Now, one would have expected back then about 20 years ago that church organizations and other groups watching the nation’s moral behavior would have exploded immediately and called Hefner a purveyor of filth, which he always has been. Instead, if you will recall, it was the feminists and their organizations, of all people, who shouted “Foul!”
This may surprise you, but I said at the time, and I still feel this way, “A pox on both their houses.” I was referring, of course, to the Hefner perverts on one side and the feminists on the other. I don’t like Playboy’s sleazy approach to morals and nudity, but I think even less of the starchy, sexploitation line of the feminists.
I’m afraid that both camps are going to give sex and the feminine figure a bad name. Adam and Eve didn’t know a good thing when they had it, so they donned fig leaves and invented pornography, so to speak. Then the moralists forced the great Michelangelo to cover up vital parts in his masterpieces.
The glorious feminine body, ennobled by the world’s legitimate, earnest artists through the ages, has actually been rendered pornographic by the puritans, who insist on hiding it with leaves, loin cloths, and stuff like that. I suppose one might say that “intent” is the key word in this discussion.
Mention sex or the glory of the undraped human figure in life or in art, and somebody is bound to break out in a giggle or start shaking his or her head as if saying “No, No.” Why do we get giddy or look affronted when the subject of sex or naked figures comes up?

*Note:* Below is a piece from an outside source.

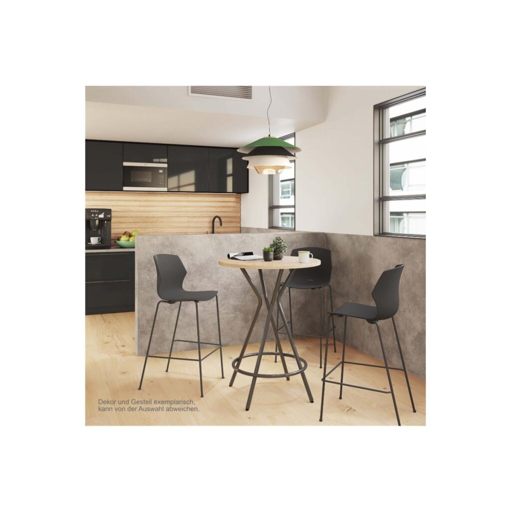 Dieser stabile und pflegeleichter Rundtisch passt mit seinem schlichten Erscheinungsbild zum Einsatz im Büro genauso gut wie in jede Cafeteria.

Playboy has always been giddy, and it handles sex and nudity like a giggling teen-ager, for all its pretensions of sophistication. But the feminists, on the other hand, would have us believe that sex and nudity are dirty or sexist and that we are offending all women in the world by talking about their bodies or what should be the most beautiful occasion in the world, sex between two people who love each other.
Now that I think about it, I have to say that I’m deeply grateful that feminists, Hefner’s Playboy, or the do-gooders in our midst don’t run America’s museums or art galleries — or, in fact, the nation’s publishing houses. Imagine what a great setback the visual arts would sustain if they did.

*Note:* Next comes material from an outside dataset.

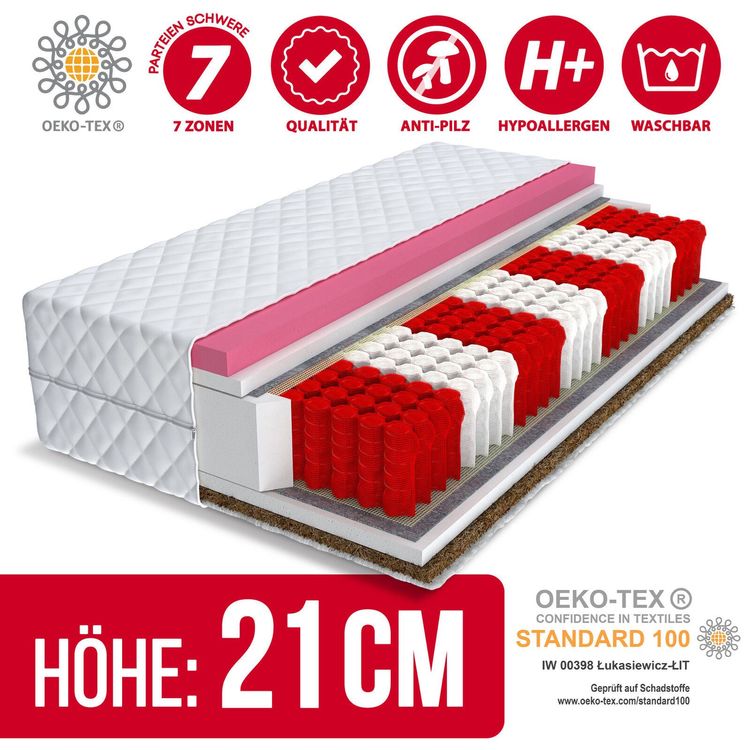 Wow, diese Sleepneo Matratze ist ja ein Traum! Mit 21 cm Höte und 7 Liegezonen bietet sie optimalen Komfort für jede Schlafposition. Ob Bauch-, Rücken- oder Seitenschläfer - hier findet jeder die perfekte Unterstützung.\n\nDas Besondere: Zwei Härtegrade in einer Matratze! Die weiße Seite ist mittelfest (H3), die blaue Seite mit Eierschalen-Schnitt ist etwas fester (H4) und hat sogar einen leichten Massageeffekt. Einfach umdrehen, je nachdem was dir besser liegt.\n\nDer Bezug mit Aloe Vera ist nicht nur superweich, sondern auch antibakteriell und antiallergen. Perfekt für Allergiker! Und das Beste: Er ist bei 60°C waschbar, dank 4-seitigem Reißverschluss leicht abnehmbar.\n\nDie Taschenfedern sind einzeln in Stofftaschen verpackt - da quietscht und knarzt nichts! Belastbar bis 150 kg und mit guter Luftzirkulation für ein angenehmes Schlafklima. Alles OEKO-TEX zertifiziert, also frei von Schadstoffen.\n\nFür erholsamen Schlaf und einen guten Start in den Tag - diese Matratze liefert! Endlich ausgeruht aufwachen und voller Energie in den Tag starten. Einfach himmlisch!

As for all those beautiful co-eds who made the mistake of posing for Hefner and his perverted staffers, I wish they had decided to pose for something more significant than Playboy. However, I have to admit that even a foul display in Playboy would be somewhat better than accepting the professional feminists’ view that men and women are the same.
As the French would say on the subject about men and women, “Vive le difference!”